Poetic flourishes, as elegant as a bird’s flight, pervades Sen’s study; an acute depth of field centers the creatures—rats, birds, hogs, mosquitos, and so forth—teeming, unnoticed by humans, in the city. One enrapturing scene frames a snail crawling across the frame while the orange glow of a bomb fire rages out-of-focus in the background. Sen melds these small, significant wonders with the big, violent protests breaking across Delhi, which seems to dance on the trio’s periphery, decrying a xenophobic citizenship law. The pace in Sen’s film is never hurried. But the political and ecological aims always feel urgent. Tender and necessary, “All That Breathes” shares another frightening side of nature’s fragile state.
Israelis call it the “War for Independence.” Palestinians refer to it as “Nakba” (the Catastrophe). During the 1948 Arab-Israeli war, in Tantura, one of the many forcibly depopulated Palestinian villages, such an atrocity occurred. Nearly 75 years later, however, everyone knows about it, but no one wants to talk. No one except Teddy Katz, a former graduate history student whose controversial Master’s thesis on the massacre led to his school, the Israeli government, and a group of Israeli war veterans discrediting his research. Armed with 140 hours of audio interviews with Jewish and Arab eyewitnesses, Katz is still fighting for the truth to be heard.
Whether a massacre occurred isn’t up for debate in director Alon Schwarz’s infuriating, jaw-dropping documentary “Tantura.” The filmmaker talks with the remaining, pained survivors and the veterans—most of them in the '90s—to mine their memories. Nearly all of the former soldiers deny any war crimes occurred. Schwarz often uses Katz’s audiotapes as a check, akin to the docuseries “The Last Dance,” by handing the interviewees tablets with their own confessions recorded decades ago. Many of them, in blood-boiling fashion, laugh off the stories of murder without any regard for their heinousness.

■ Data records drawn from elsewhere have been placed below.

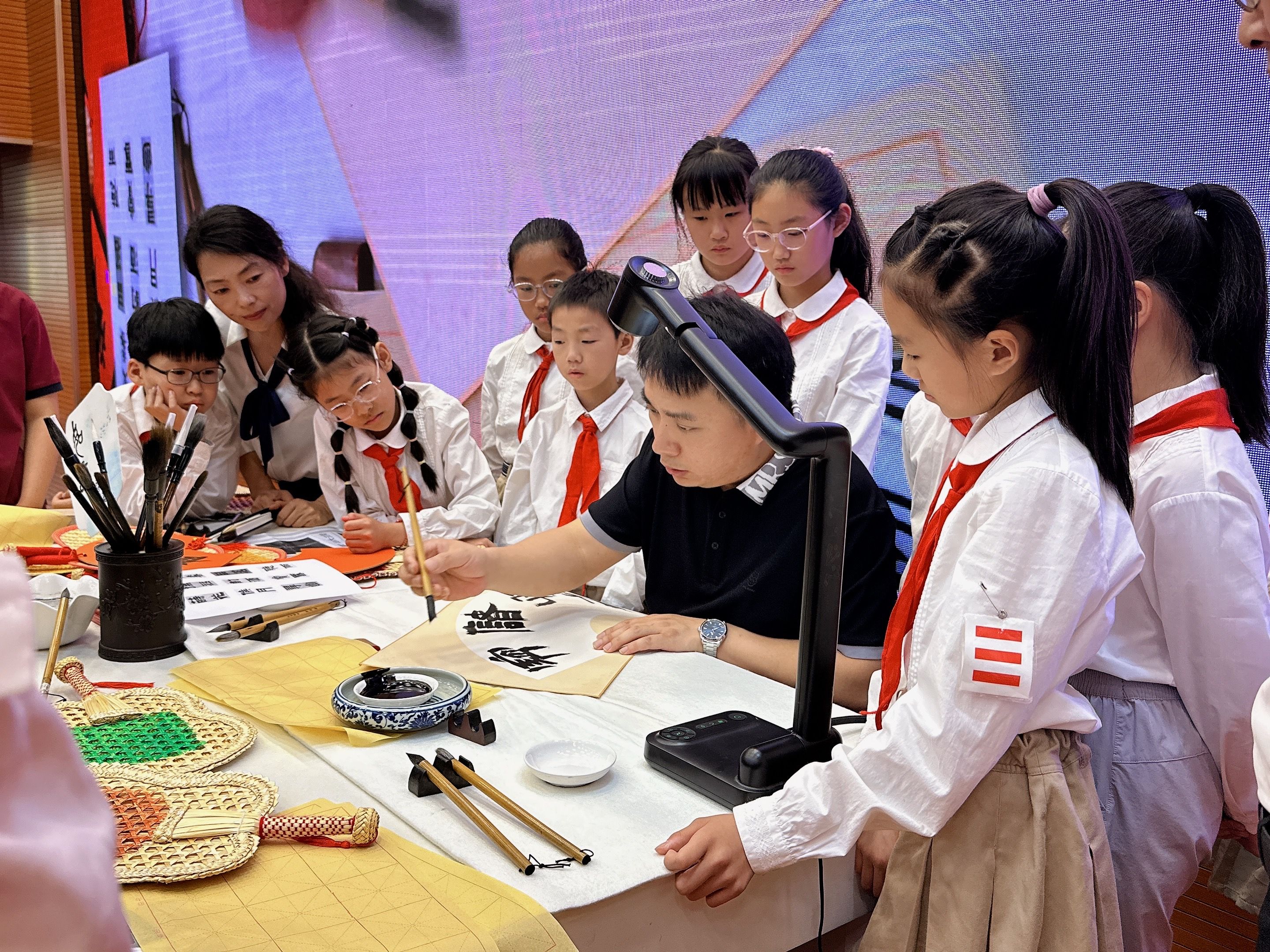 在书法家的指导下,师生现场挥毫,在扇面上创作书法,让墨香遇见夏日清凉。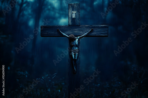 Naklejka premium wood jesus cross, dark black blue horror night background, scary haunted thriller theme, good friday,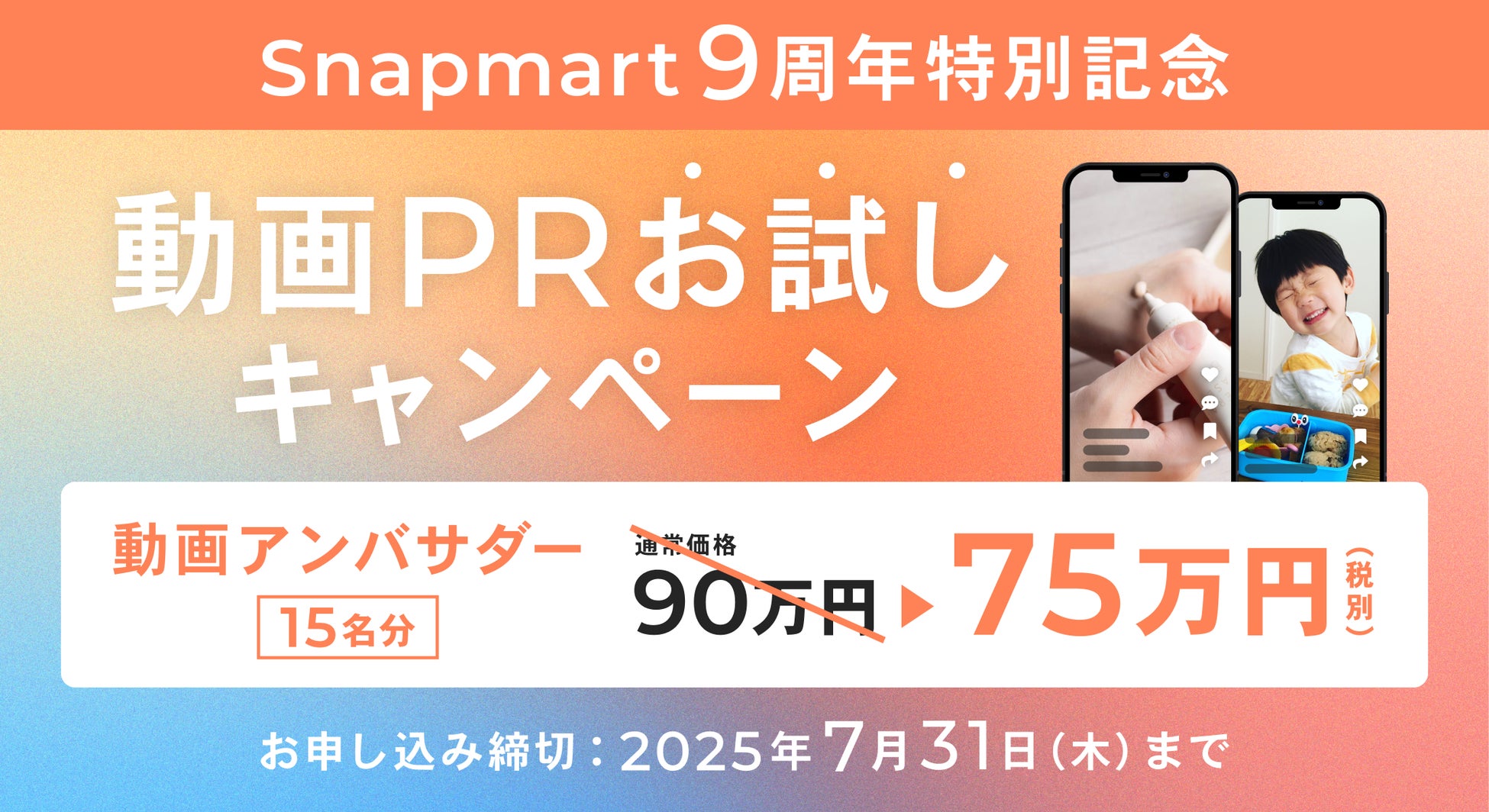 株式会社CREAVE(本社:東京都千代田区、代表取締役社長:中村真奈、以下 CREAVE)が運営するクリエイター向けアプリ「Snapmart」は、今年で9周年を迎えることができました。この成長を支えてくださった企業のマーケティングご担当者の皆さまへの感謝の気持ちを込めて、9周年記念「動画PRお試しキャンペーン」を開催します。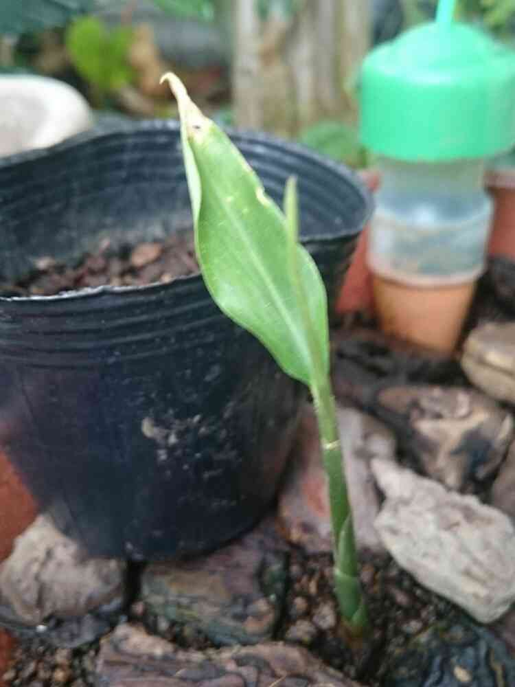 生姜の葉が広がってきました。後ろのポッドはバジルの種子を蒔いています。

“Tantura” also covers the methods used by nations to craft their own versions of history. Schwarz unearths propaganda footage filmed by MGM, chilling photos of Arabs in barbed wire enclosures, and aerial images of a possible location of a mass grave. Sometimes his methods—investigative cork boards and images of him combing through maps—border too closely to the theatrical, falling into true crime clichés. And the first hour, too often, redoubles already covered information. But the naked truth, the real haunting stories behind the denials, always rises above the stylistic missteps. Schwarz’s “Tantura,” a haunting unearthing, gives voice to a tragedy that must never be forgotten.